Once again I think it's marketing. The gap between the meter-bridge boards and non-meter bridge is around $2k or so ... with the exception of Behringer which sells the MX9000 for $1500 retail (and under $1k street price). The mfgs probably don't want to cannibalize on the sales of their higher end consoles by offering too many fancy features on the low end boards.


museav said:


> I doubt that's practical. A 10 or 12 segment green/yellow/red bargraph and driver IC alone may be closer to 3 to 4 times that. Then you need a power supply, housing, scaling resistors, etc.


Earlier in this thread I noted a 10-segment LED bargraph PCB unit for $2.50 ... they're not expensive. I should be able to piece together a 16 channel meter bridge by myself for well under $100 (maybe even under $50).


----------



## EXQEX9 (Jul 20, 2008)

So...Hows it going? Good? Good.

Oh, hey...whats a meter-bridge?

>.>


----------



## jkowtko (Jul 21, 2008)

I just checked the input voltage ranges of the $2.50 10-segment bargraph I mentioned above, and it looks like it will work with the standard +4dBu line output voltage (the PCB has pots to calibrate min and max signal voltage). The PCB can be powered from 5-15v, so most AC adapters will work here.

So, give me a couple weeks to get some parts and solder it up (starting with one channel) and I'll let you know ...

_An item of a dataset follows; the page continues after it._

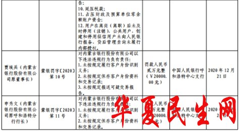 行政处罚决定书(蒙银罚字〔2020〕第11号)显示,申秀文(内蒙古银行原呼和浩特分行行长)对内蒙古银行以下违法违规行为负有责任:1.未按规定履行客户身份识别义务;2.未按规定保存客户身份资料和交易记录。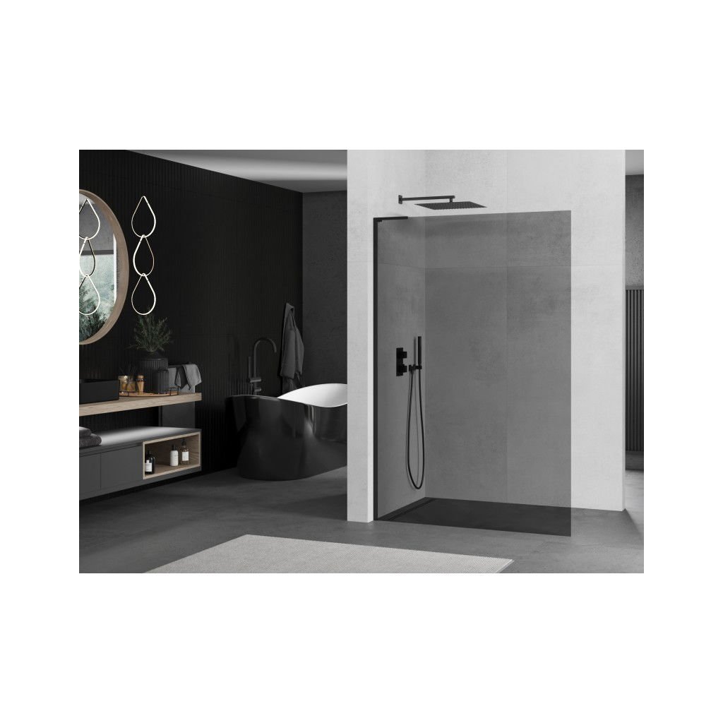 Mexen Kioto L, sprchová zástěna Walk-In 80 x 200 cm, 8mm šedé sklo, černý profil, 800-080-103-70-40

Either that, or I have the opportunity to buy a 32 channel Soundcraft Ghost with mute automation and full meter bridge, locally for $3k ... is that a bargain I can't pass up?


----------



## museav (Jul 21, 2008)

jkowtko said:


> Earlier in this thread I noted a 10-segment LED bargraph PCB unit for $2.50 ... they're not expensive. I should be able to piece together a 16 channel meter bridge by myself for well under $100 (maybe even under $50).


The linked desciption on e-BAY states the following:

> You are purchasing a Made-in-Canada Onstate Technologies multi-purpose LED bargraph meter PCB to make your own 10-segment LED meter.




> Available Model
> 
> PCB-BMBM: Bargraph Meter PCB, no parts. All electronic parts to populate the PCB are available from Digi-Key. Enclosures and connectors available from Digi-Key. Completed models with display and parts available.




> PCB designed to be used with LM3914/LM3915/LM3916


Based on this text and the picture shown, I believe what is being offered for $2.50 is simply the bare PCB board. According to the schematic you would then need 3 capacitors, 5 fixed resistors, 3 potentiometers, the LM3914 IC driver, the 10 segment bargraph, a light sensor and a switch in order to build the circuit. Also note that the intended use for that device is measuring DC voltages and the LM3914 is a linear, not logarithmic, scale.


----------



## waynehoskins (Jul 21, 2008)

The linear scale is probably the worst part.

For me, the four-bar idiot lights are sufficient. If I need to see something more detailed, I'll PFL it. But that's just me.


----------



## jkowtko (Jul 21, 2008)

Rats. Should have read it more closely ... 

So I'm going to look real hard at larger format boards with meter bridges. I'll start another post ...

Thanks. John


----------